Vague de suicides chez nos policiers. Grève de nos braves pompiers

Monique Cochinal, Chercheur associé

Depuis plus d’un an, chez nos policiers, on assiste à une vague de découragement, allant même jusqu’au suicide. Pour la première fois, nos braves pompiers se sont mis en grève. Comment expliquer tout cela ? Quelles sont les causes ? On s’interroge beaucoup, on cherche des responsables …. Une recrudescence de violence et de haine ? Une défaillance de commandements ?

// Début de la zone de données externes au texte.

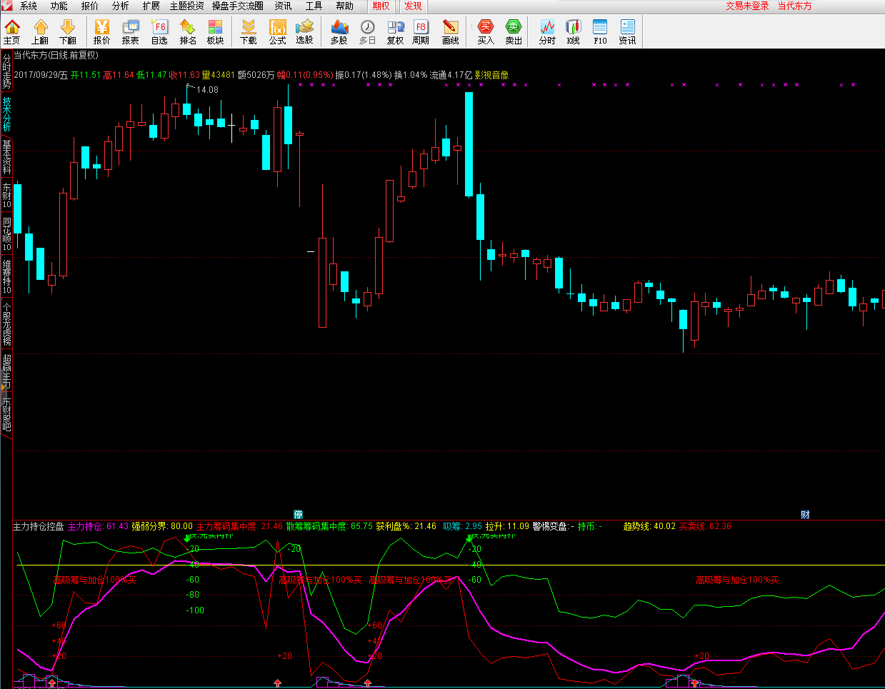 说明:结合主图判断底部吸筹情况和主力持仓是上升还是下降。主力持仓上穿散户筹码,主升浪买进,一路持有.十次八次成功,配合均线.主筹达到80%,散筹方向向下,说明主力已高度控盘筹码大部分锁定,等待主升浪。判买点.顶底,比较适合波段操作。
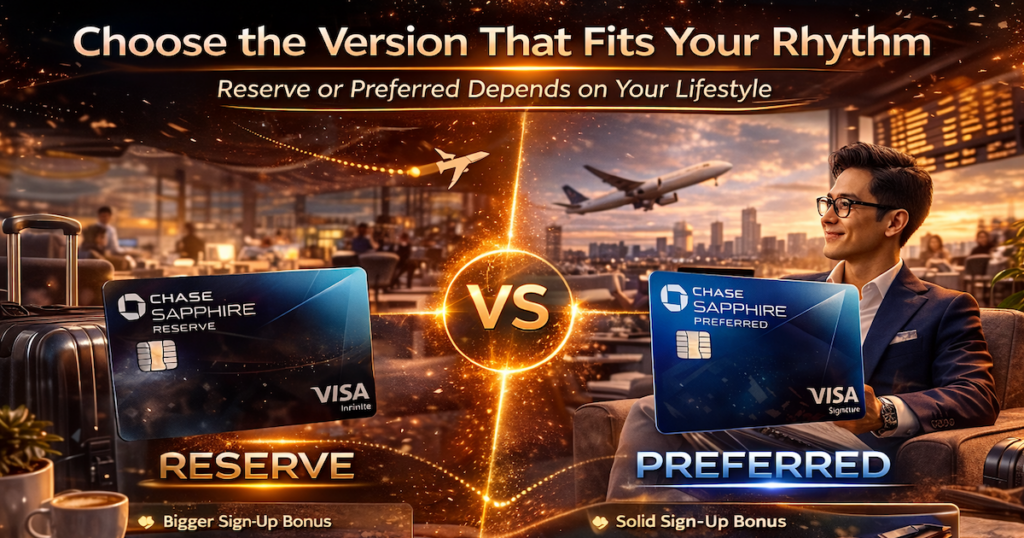 Sapphire Reserve® makes more sense if you travel frequently — the higher annual fee is offset by lounge access, travel credits, and elevated earning rates for people who are realistically using those features. If you’re an investor or remote worker who flies regularly, the math can work out in your favor.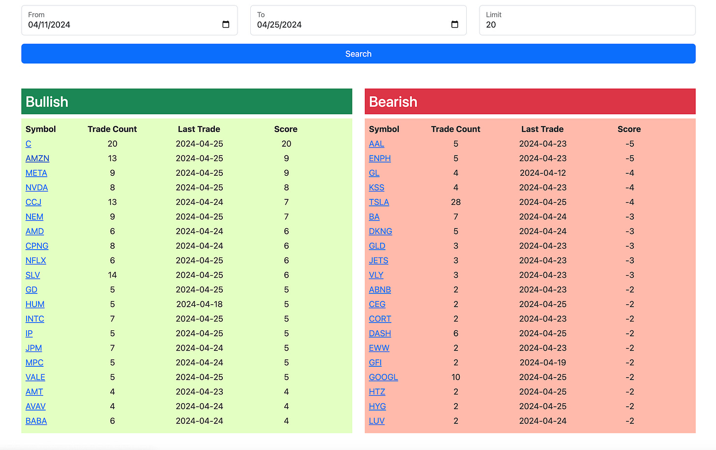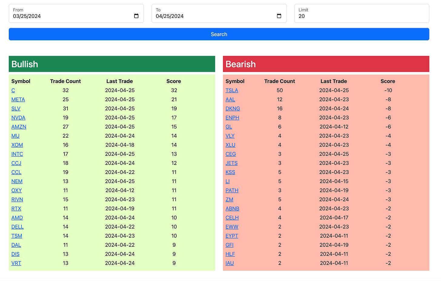 Here is today’s link to the database, as always it expires tomorrow morning and I will have the rest of today’s action posted by the afternoon. For those of you that are new, you can search ticker by ticker for all the flow I’ve posted, under the rankings you can click and see all the action within a name. The tables here are just for those who want to read through it quickly.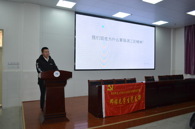 “‘创新是一个民族进步的灵魂,是一个国家兴旺发达的不竭动力。’一个民族的创新离不开技艺的创新。高凤林在他所参与攻关的多项重大项目中,不断改进工艺措施,不断创造新工艺,不断攻克一个个难关,从而达到世界第一的水准。” 邓稼先员工党支部党史学习教育宣讲团成员李昌宇深情并茂地宣讲道。12月22日,邓稼先员工党支部到怀宁中等专业学校开展党史宣讲活动,宣讲团成员李昌宇和赵生薇为学校全体员工干部进行了一场生动精彩的“工匠精神”宣讲报告。

Et pourtant, dans tout Etat, nous avons grand besoin d’un bon service d’ordre pour nous protéger contre les attentats, les catastrophes naturels, les grands tueurs et violeurs, les infractions multiples. Ils sont présents, toujours au risque de leur vie. C’est leur métier, ils nous aident, et nous leur devons reconnaissance et grand respect. Ils sont au service des citoyens, mais aussi officiers de l’Etat, dont ils reçoivent des ordres. Ils n’ont pas l’autorisation de faire grève et doivent, pourtant, faire face dignement aux débordements de foules en colère.

Depuis un certain temps, quelques représentants de leurs syndicats ont averti le gouvernement de ce profond découragement général. Ils ont relevé dans leur troupe une grande fatigue, trop d’heures de présence, trop de tension, plus de vie de famille, pour un petit salaire (qu’ils attendent souvent longtemps, l’Etat étant mauvais payeur). Il faut voir l’état de délabrement des quelques commissariats de police restés encore ouverts dans nos petites villes de province : vieux ordinateurs qui tombent en panne constamment, queues interminables avant de trouver un agent de police disponible susceptible d’établir un procès verbal.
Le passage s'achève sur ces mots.